Pepperl+Fuchs buys Omnitron to aid product identification
Twinsburg, OH—Pepperl+Fuchs reports that it has acquired Omnitron, a Germany-based supplier of Data Matrix-type, 2-D optical coding readers for product identification or online data recording.
Twinsburg, OH— Pepperl+Fuchs reports that it has acquired Omnitron, a Germany-based supplier of Data Matrix-type, 2-D optical coding readers for product identification or online data recording. Data Matrix is an internationally standardized code symbology, which the company adds is expected to replace many older codes, while extending the reach of identification systems into many new applications.
“The acquisition of Omnitron strengthens our offering of identification solutions, and adds a strategic and very flexible component to our extensive family of product ID and other factory automation systems and components,” says Helge Hornis, Ph.D., manager of Pepperl+Fuchs’ Intelligent Systems Group.

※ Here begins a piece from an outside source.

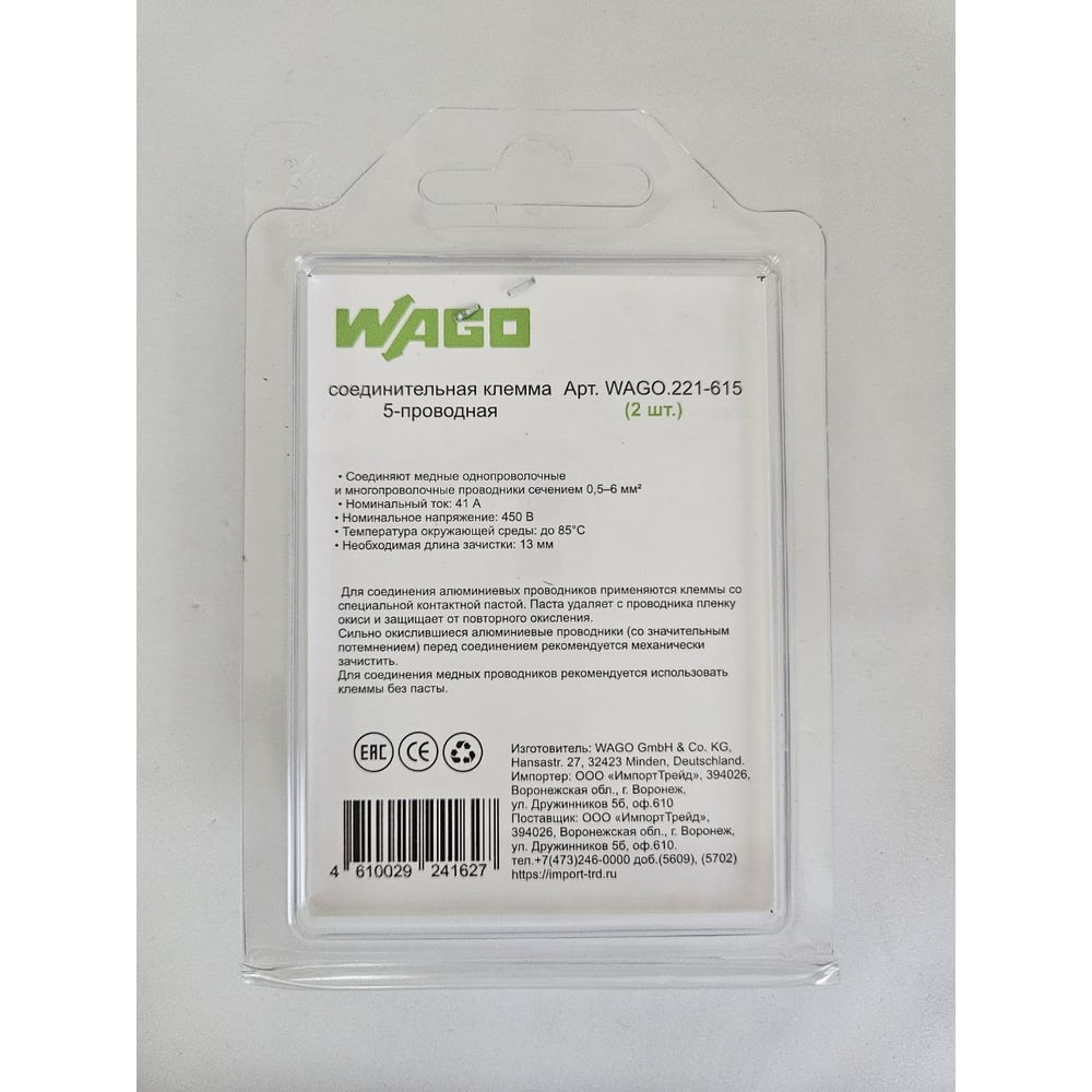 Соединительная клемма с рычажком WAGO 221-615 5-ти проводная 0,5-6кв.мм, 450В, 41А, 2 шт. 41627

Pepperl+Fuchs adds that several factors are driving active adoption of Data Matrix identification technology, including:
Amount of data that needs to be stored will increase significantly over time;
Area available to store information on products requiring tracking and identification will decrease, requiring greater data density;
Significance of reliable identification will increase in importance; and
Demand for a reduction in labeling costs.
With possible feature sizes down to 0.25mm and a theoretical limit of more than 2,000 bytes of storable information, Data Matrix allows detailed information to be carried on even the smallest objects. Read-reliability is increased because information is 'scattered' over the data field, with 20-30% information redundancy. Labeling costs can be greatly reduced by lasering or needling a Data Matrix symbol directly onto a part. Data Matrix symbols can be applied using nearly any printing process, including offset, Thermo-Transfer, Inkjet, laser, and direct laser marking.
Pepperl+Fuchs manufactures factory and process automation products and services, and pioneered development of proximity sensors about 45 years ago.